Step 4, the reagent that is activated with blood sample activation, blood viscoelastic power changes, and pressure drag declines hanging bridge sensing Device resonance characteristic changes, and the voltage magnitude and phase for causing signal excitation detection circuit to detect change, and passes through survey The voltage value and phase obtained, obtains the variation of blood viscoelastic power.

Beneficial effects of the present invention:

1, the present invention declines hanging bridge sensor as the main measurement surveyed element and carry out blood viscoelastic power, pressure resistance type using pressure drag The manufacture of MEMS processing technology can be used in micro- hanging bridge sensor and microchannel template, and batch cost is cheap, while can make sensor Very little, in microchannel realize detection when, it is only necessary to test can be completed in micro blood, at least only needs 1ul, can be extensive Related fields for the detection of blood viscoelastic power.

2, it is preferable can to guarantee that sensor has when the pressure drag that the present invention uses declines hanging bridge sensor using MEMS processing Consistency, ensure that detection accuracy, meanwhile, micro- hanging bridge structure ensure that the high sensitivity of detection.

3, in detection process of the present invention, micro setting time is short, is suitble to quickly detection.

4, the present invention can be used multiple pressure drags and decline hanging bridge sensor "+" microfluidic device " realize the detection of array, from And can realize the synchronous detection of different reagents, further increase detection efficiency.

Detailed description of the invention

Attached drawing 1 is that pressure drag declines hanging bridge sensor schematic.

Attached drawing 2 is that pressure drag declines hanging bridge sensor normal section schematic diagram.

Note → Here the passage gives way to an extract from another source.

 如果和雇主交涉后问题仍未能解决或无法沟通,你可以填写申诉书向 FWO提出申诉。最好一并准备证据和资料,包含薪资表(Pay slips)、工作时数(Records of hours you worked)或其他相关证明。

Attached drawing 3 is the viscoelastic force measuring device schematic diagram of hanging bridge sensor micro blood sample of being declined based on pressure drag.

Attached drawing 4 is that signal motivates detection circuit block diagram.

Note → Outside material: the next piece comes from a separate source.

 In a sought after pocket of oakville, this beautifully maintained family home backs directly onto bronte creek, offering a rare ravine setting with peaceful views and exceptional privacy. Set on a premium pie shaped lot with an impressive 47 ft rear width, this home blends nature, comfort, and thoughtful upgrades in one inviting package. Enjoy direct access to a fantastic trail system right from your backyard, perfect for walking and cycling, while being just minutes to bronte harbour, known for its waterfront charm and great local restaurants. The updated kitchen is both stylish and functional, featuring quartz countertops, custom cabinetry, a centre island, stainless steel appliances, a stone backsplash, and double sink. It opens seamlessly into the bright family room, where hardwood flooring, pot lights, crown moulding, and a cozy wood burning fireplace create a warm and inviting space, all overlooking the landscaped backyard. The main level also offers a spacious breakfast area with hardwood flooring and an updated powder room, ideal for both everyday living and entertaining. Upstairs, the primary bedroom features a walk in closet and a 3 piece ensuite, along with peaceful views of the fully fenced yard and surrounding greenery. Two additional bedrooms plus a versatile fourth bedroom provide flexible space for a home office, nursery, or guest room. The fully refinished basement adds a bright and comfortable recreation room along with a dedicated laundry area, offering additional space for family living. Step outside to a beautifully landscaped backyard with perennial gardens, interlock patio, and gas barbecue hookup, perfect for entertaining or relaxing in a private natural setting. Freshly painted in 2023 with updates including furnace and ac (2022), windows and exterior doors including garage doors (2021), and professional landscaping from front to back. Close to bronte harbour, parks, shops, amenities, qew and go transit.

Attached drawing 5 is output voltage change curve in micro blood sample viscoelastic power test process.

Attached drawing 6 is output phase change curve in micro blood sample viscoelastic power test process.

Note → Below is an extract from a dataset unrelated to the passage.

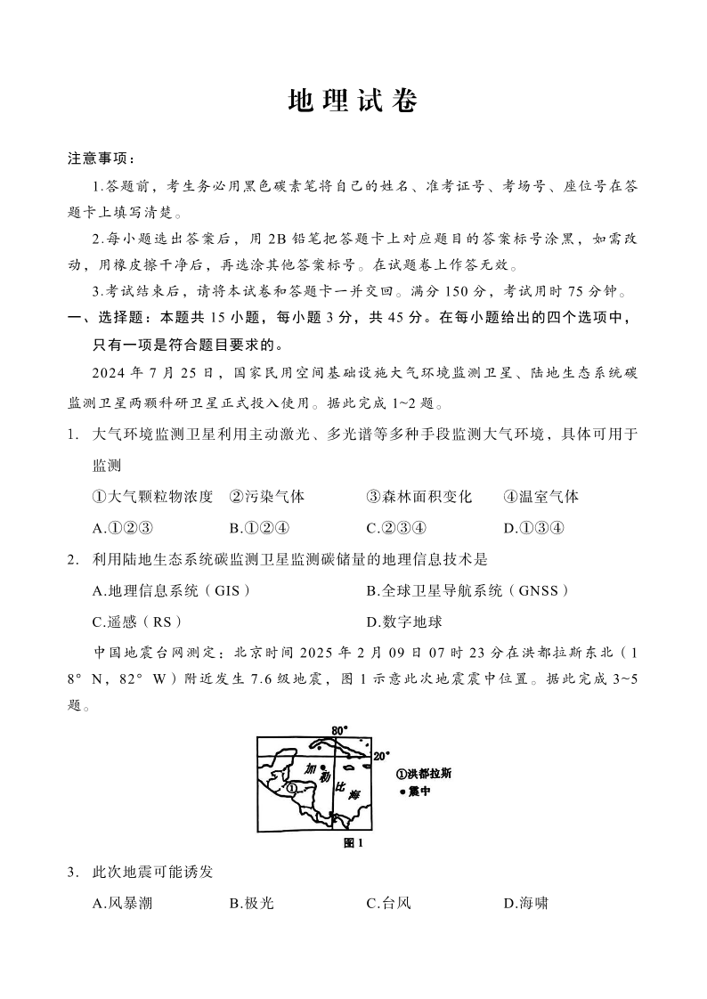 重庆市第八中学2025届高三3月适应性月考卷(六)地理.pdf

Label shown in attached drawing:

1 sensor silica surface

2 sensor silicon bases

21,22 sensor silicon base support base

31,32 sensor electrified wire

41,42 U-shaped pressure drags sense

5 sensor hanging bridges

A1+, A1-, A2+, A2-, B1+, B1-, B2+, B2- pad

6 sensor electrified wire normal sections

7 pressure drags sense normal section

8 microfluidic devices

81 microchannels

82 pressure drags decline hanging bridge sensor

831,832 pressure drags decline hanging bridge sensor extraction wire

84 upper layer PDMS (dimethyl silicone polymer) substrates

85 lower layer's glass substrates

861,862 microchannels enter hole

Portal 863 microchannels

871,872,873 silica gel hose

881,882 injection pump

8810,8820 micro-sampling syringe

89 waste liquid collection vessels

9 permanent magnets

91 poles permanent magnet N

92 permanent magnet S poles

The magnetic line of force of 93 poles the permanent magnet N direction pole S

10 signals motivate detection circuit

Specific embodiment

With reference to the drawings and specific embodiments, the invention will be further described.It should be understood that these embodiments are merely to illustrate The present invention rather than limit the scope of the invention.In addition, it should also be understood that, after reading the content taught by the present invention, this field Technical staff can make various changes or modifications the present invention, and such equivalent forms equally fall within range defined herein.

As shown in Figure 1, 2, it declines 82 structural schematic diagram of hanging bridge sensor for pressure drag used in the present invention.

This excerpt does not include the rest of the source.